Metabolic profiles differ during starvation for different nutrients. Relative metabolite levels in nutrient-starved and nutrient-limited cultures were obtained as described in the Materials and Methods and are represented as a heat map, organized as in Figure 2A. The reference for all samples is from an exponential culture growing on SD.

Figure 4.

Trehalose metabolism in starved cells. Relative trehalose levels (top panel) and TPS2 mRNA levels (bottom panel) are shown following starvation for glucose, nitrogen, or phosphate, and as a function of dilution rate in chemostats limiting for those nutrients. The reference for all samples is from an exponential culture growing on SD. The data for starvation and limitation in each panel are plotted using the same vertical axis scale

Figure 5.

Discordance in TCA cycle intermediates and gene expression levels during starvation.
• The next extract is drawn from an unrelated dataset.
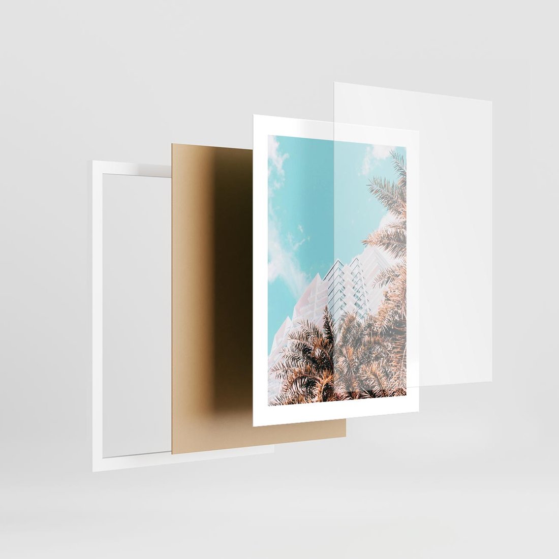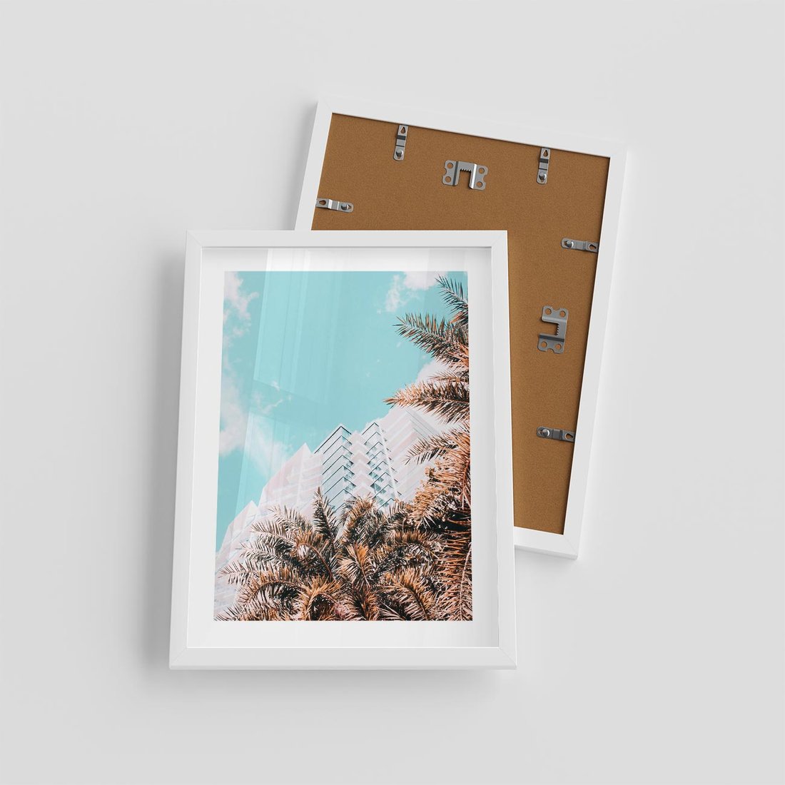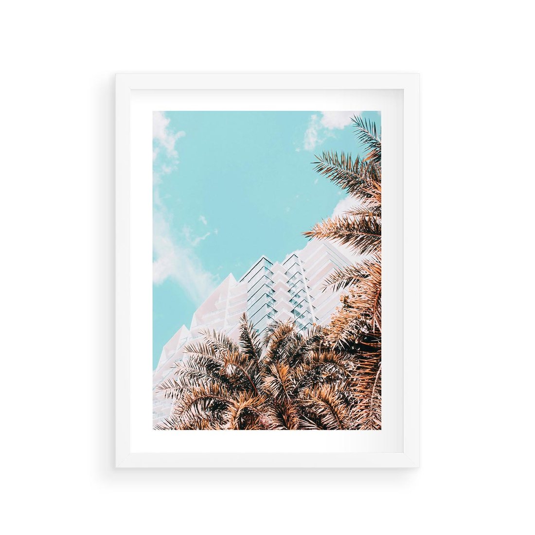 Plakat w ramie 30x40 - Wakacyjny Raj - palmy, wysokie budynki - rama biała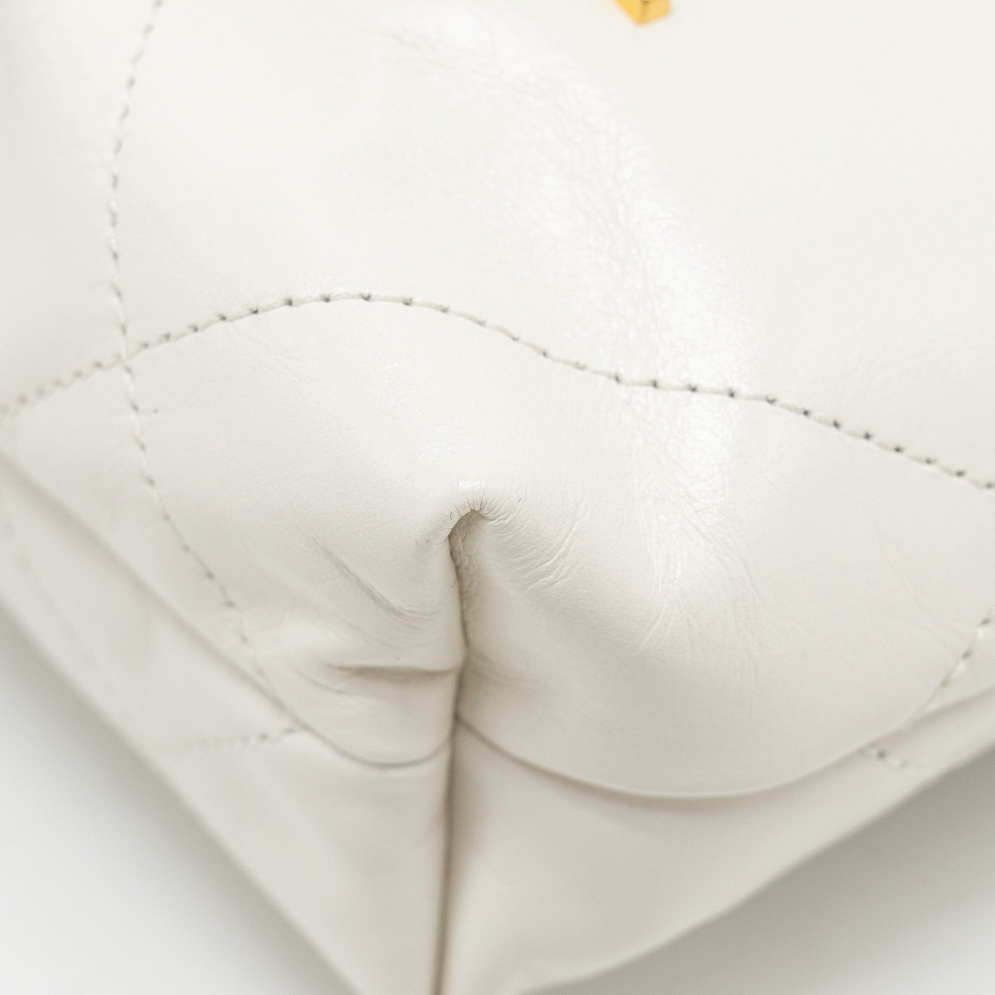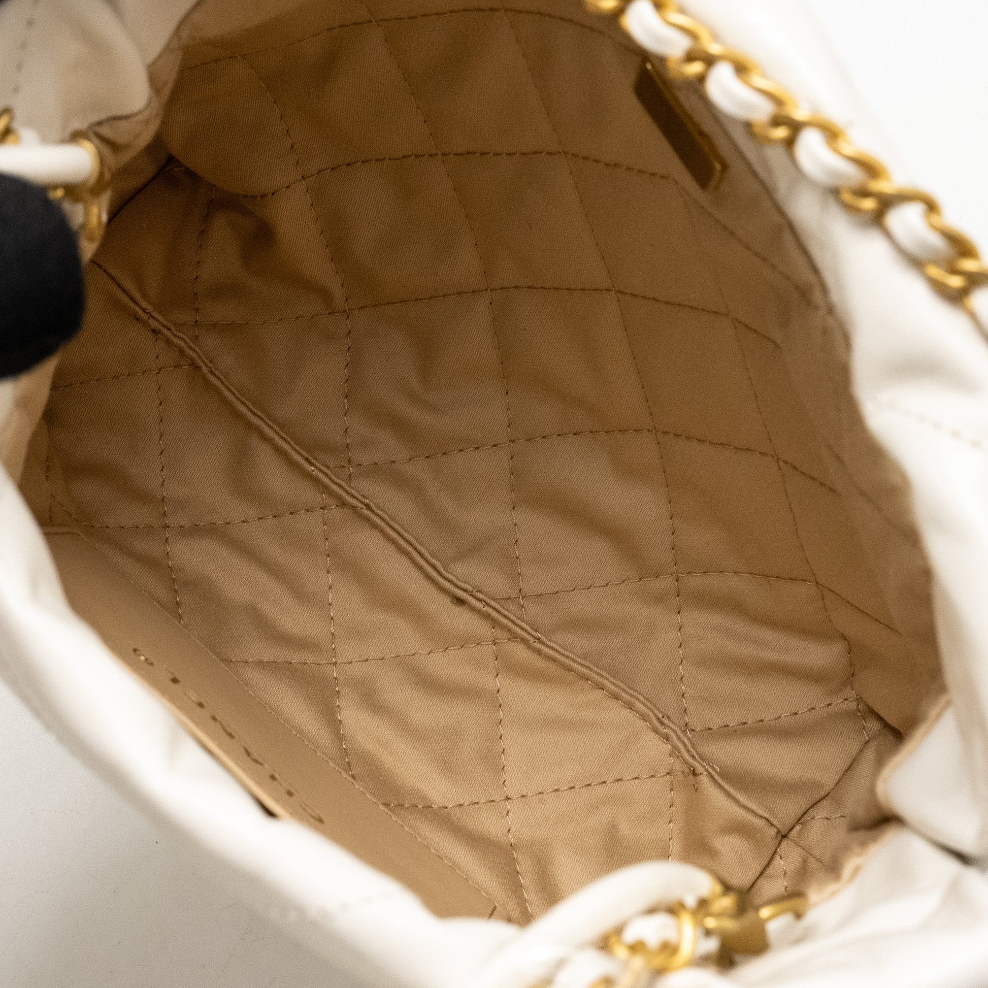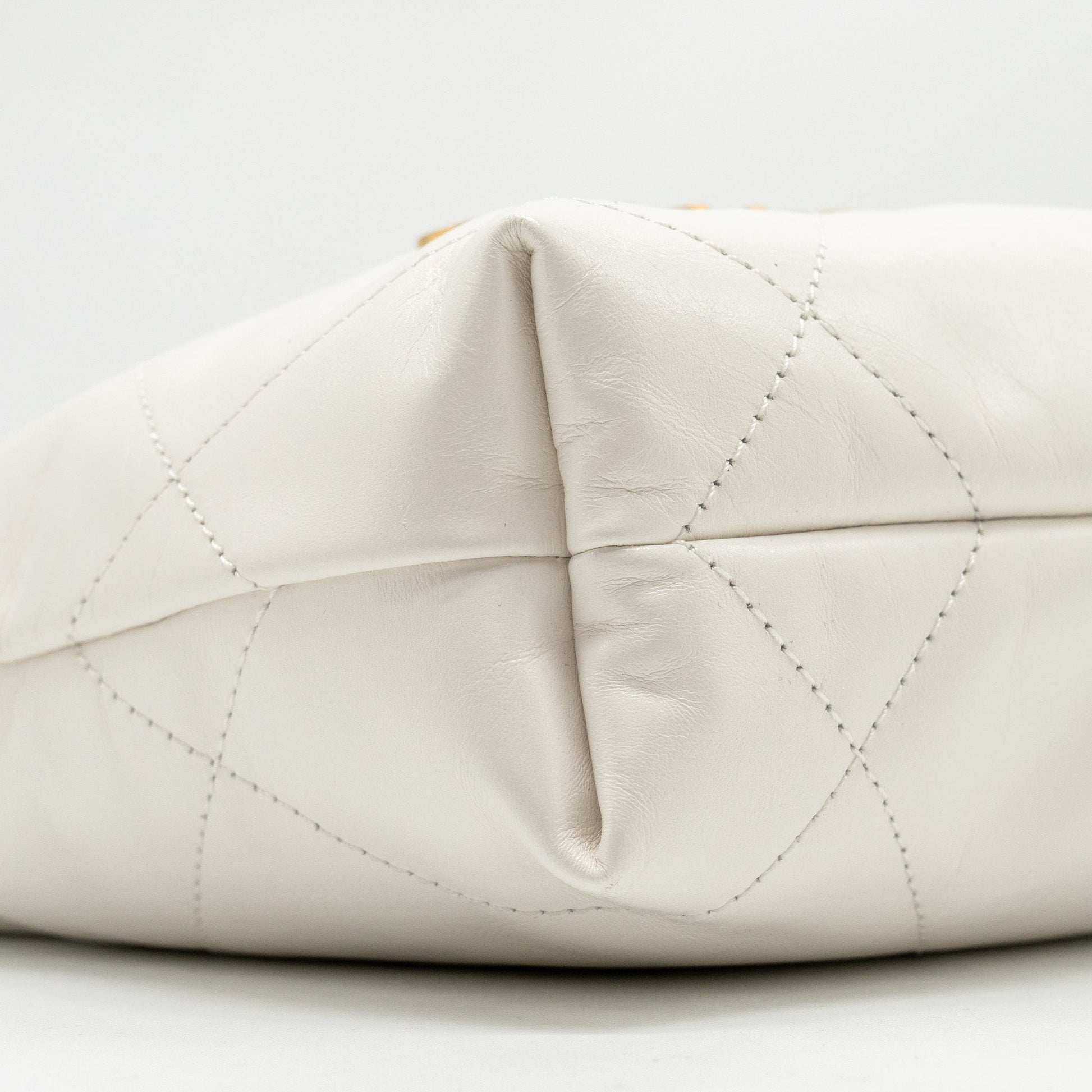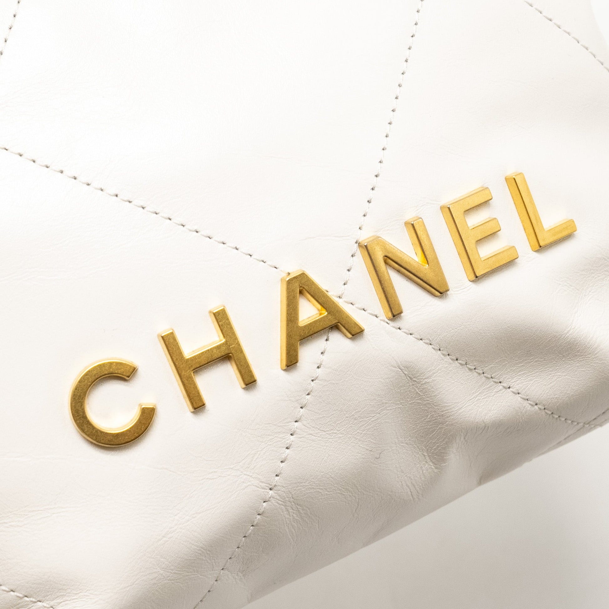 Chanel Mini 22 Bag Shiny Calfskin White GHW (Microchip)

On a diagram of the TCA cycle consisting of the TCA cycle intermediates (ovals) and the genes encoding enzymes (rounded rectangles) catalyzing interconversion of those intermediates are indicated the change in levels of the metabolites and mRNAs at 4 d of starvation for glucose (top panel), nitrogen (middle panel), or phosphate (bottom panel) relative to those in cells growing exponentially on SD.